Kasat Resnarkoba Polres Tapteng, AKP Johannes Munthe, S.H., mengonfirmasi identitas kedua tersangka. Mereka adalah AA (41), warga Kelurahan Sarudik yang berstatus pengangguran, dan TS (36), warga Lingkungan III Kelurahan Sarudik yang berprofesi sebagai nelayan.

 

"Operasi ini berawal dari laporan masyarakat yang merasa resah dan terganggu dengan adanya aktivitas mencurigakan di salah satu rumah sewa di lokasi tersebut, yang diduga menjadi tempat transaksi dan penyimpanan narkotika. 


Menindaklanjuti informasi itu, kami segera kerahkan tim Opsnal untuk melakukan penyelidikan dan pengintaian mendalam," ungkap AKP Johannes Munthe.

 

Setelah memastikan data dan waktu yang tepat, tim langsung melakukan penggerebekan ke lokasi. Di hadapan kedua tersangka, petugas berhasil menemukan dan menyita sejumlah barang bukti yang sangat mencolok. 


Di antaranya adalah satu kotak kecil berwarna putih berisi dua paket kecil narkotika jenis sabu yang dibungkus plastik klip bening, ditambah satu paket kecil tambahan. Total berat bruto narkotika yang berhasil disita mencapai 3,05 gram.

 

Selain barang terlarang itu, petugas juga mengamankan perlengkapan pembungkus yang diduga akan digunakan untuk memecah barang menjadi ukuran lebih kecil, yaitu sebanyak 21 lembar plastik klip bening (3 buah berbandrol dan 18 buah polos). 


Tidak ketinggalan, uang Rp.100 ribu diduga hasil penjualan, serta satu unit ponsel merek Samsung Galaxy A03 Core warna hitam yang digunakan tersangka untuk berkomunikasi dalam setiap transaksi.

 

Dari hasil interogasi dan pengembangan penyidikan, tersangka AA mengakui bahwa barang bukti sabu yang ditemukannya diperoleh dari seseorang berinisial D yang beroperasi di wilayah sekitar Sarudik. 

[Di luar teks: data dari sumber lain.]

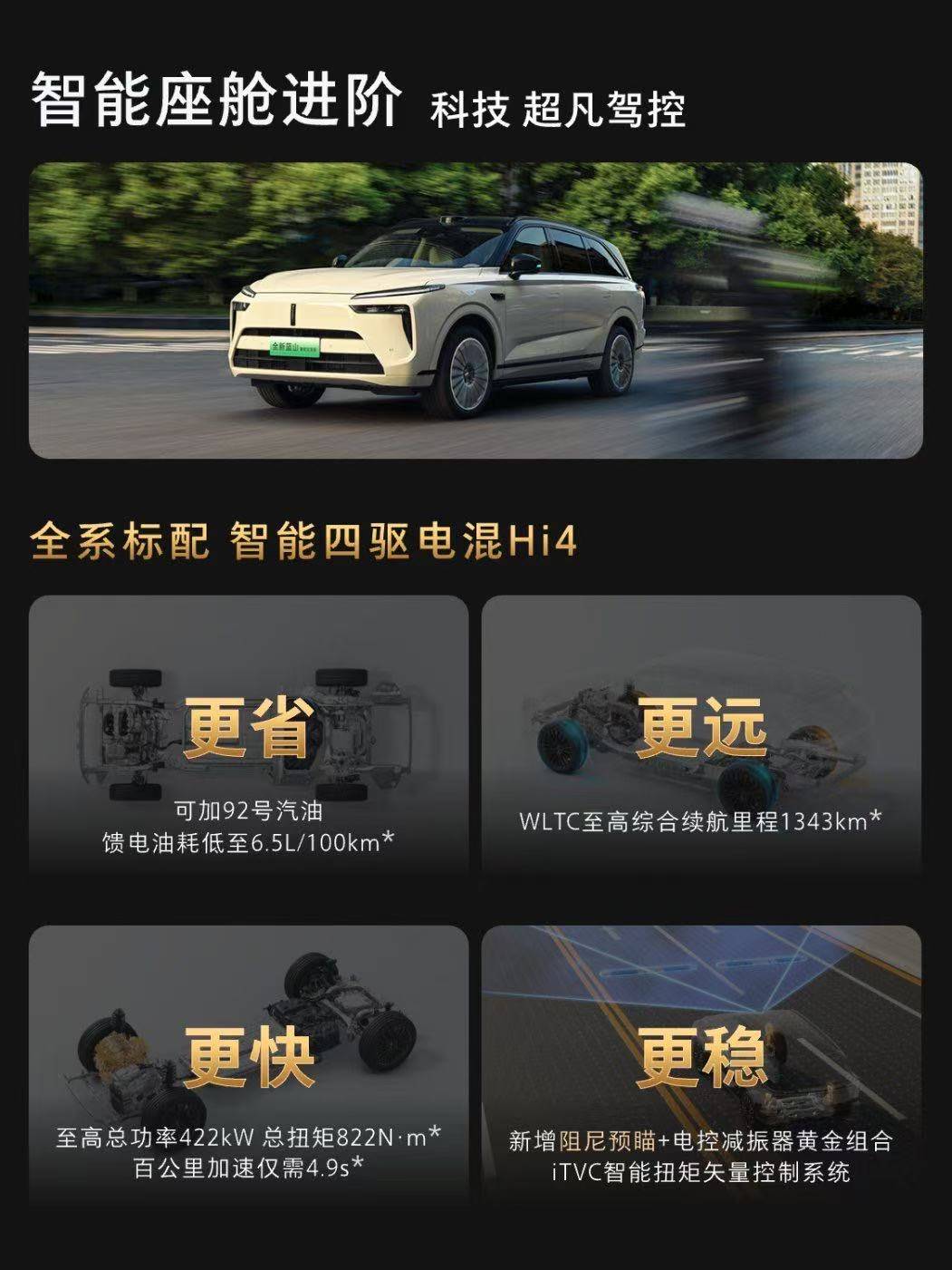 动力系统方面,全新蓝山智能进阶版全系标配Hi4性能版智能四驱电混技术。该系统由1.5T涡轮增压发动机与前后双电机组成,系统综合功率达392千瓦,零百加速仅需4.9秒,性能表现媲美纯电车型。续航能力上,车辆提供两种电池容量选择,WLTC工况下纯电续航分别为185公里与220公里,综合续航最高可达1343公里,有效缓解用户的里程焦虑。这一数据在同级插混SUV中处于领先水平,尤其适合长途出行场景。
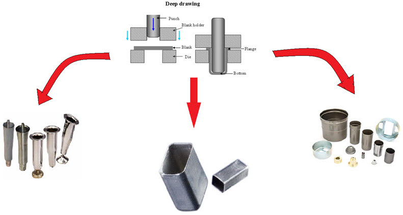 A process in which metal sheet is radially drawn into a forming die by the mechanical action of a punch. It is considered 'deep' drawing when the depth of the drawn part is more than its diameter. Industrial uses include automotive bodies, structural parts, and utensils.
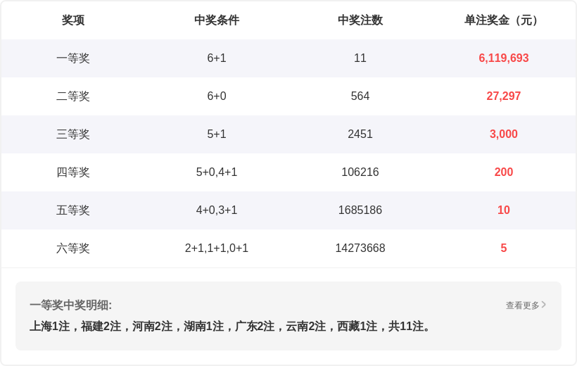 双色球25119期开奖结果06 09 23 26 28 32 + 11,和值124,三区比2:0:4,蓝球号码大小为大号、012路为2路。
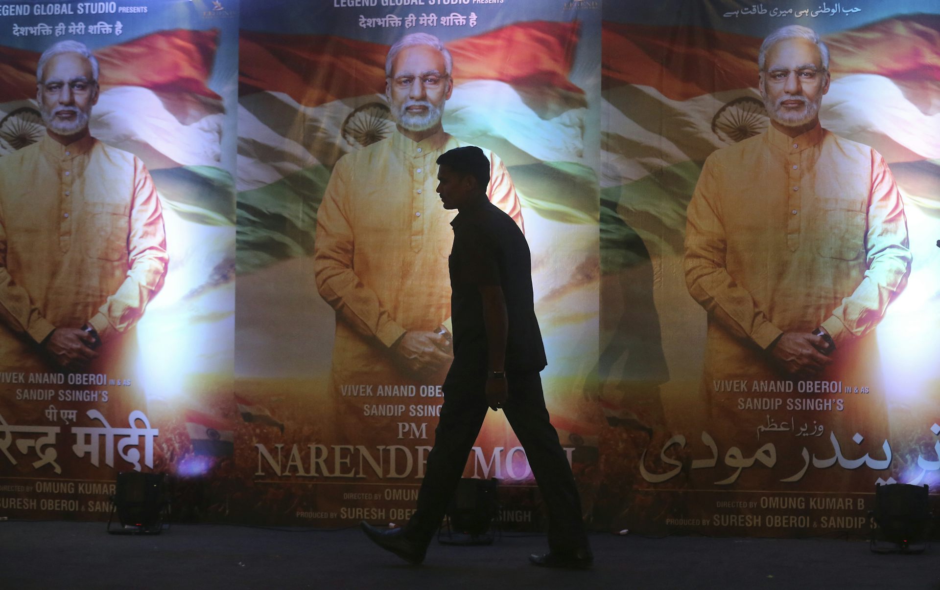 Un homme passe devant les affiches du film « PM Narendra Modi », un biopic sur le Premier ministre indien, lors de son lancement à Mumbai, en Inde, en 2019.
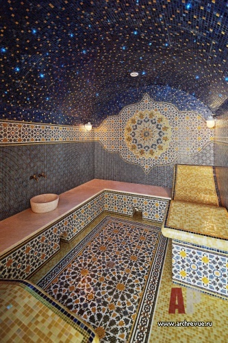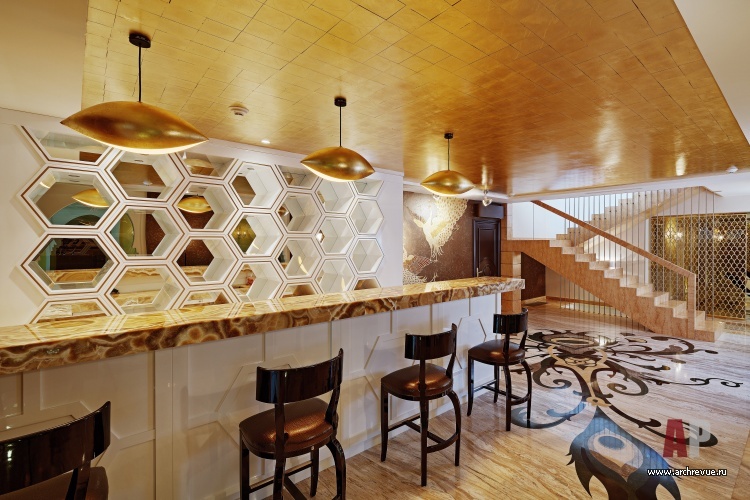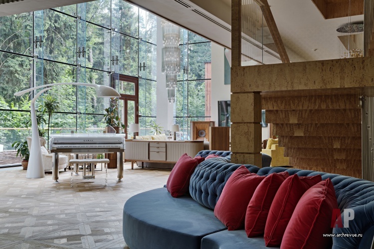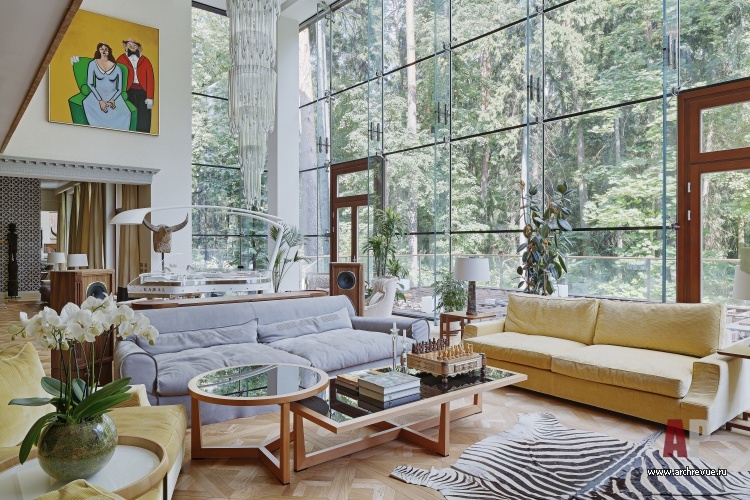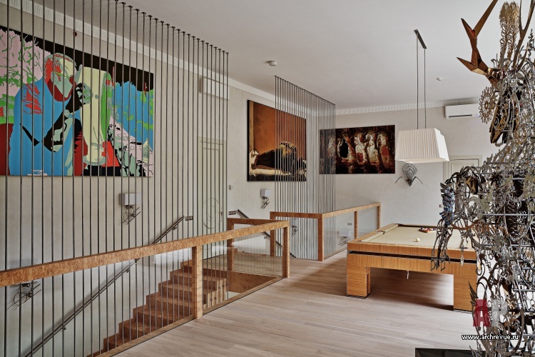 Заказчик – гедонист, путешественник и коллекционер современного искусства – задумал дом как эклектичное пространство: яркое, неординарное, эпатажное. Важную роль в нем играют предметы из обширной коллекции, они служат смысловыми векторами, которые «держат» декоративный ряд. Учитывая пожелания хозяина и нестандартную архитектуру дома, Мария и Никита Бахаревы создали интересный микс из английской классики, арабских мотивов и неорусского дизайна.

Saat ini, tim penyidik tengah memfokuskan pengejaran terhadap D yang telah masuk dalam Daftar Pencarian Orang (DPO) Satresnarkoba Polres Tapteng.

 

Kedua tersangka beserta seluruh barang bukti telah dibawa ke Markas Besar Polres Tapteng di Jalan Jenderal Faisal Tanjung Pandan untuk menjalani proses hukum lebih lanjut. 


Kedua pelaku kini dijerat dengan Undang-Undang Nomor 35 Tahun 2009 tentang Narkotika, dengan ancaman hukuman yang berat.

 

Polres Tapteng kembali menegaskan komitmennya untuk terus memutus mata rantai peredaran narkoba hingga ke akar-akarnya. 


Pihak kepolisian juga mengapreiasi peran aktif masyarakat yang berani melapor, dan mengajak warga untuk tidak segan-segan menyampaikan informasi jika menemukan indikasi penyalahgunaan atau perdagangan barang haram tersebut di lingkungan masing-masing.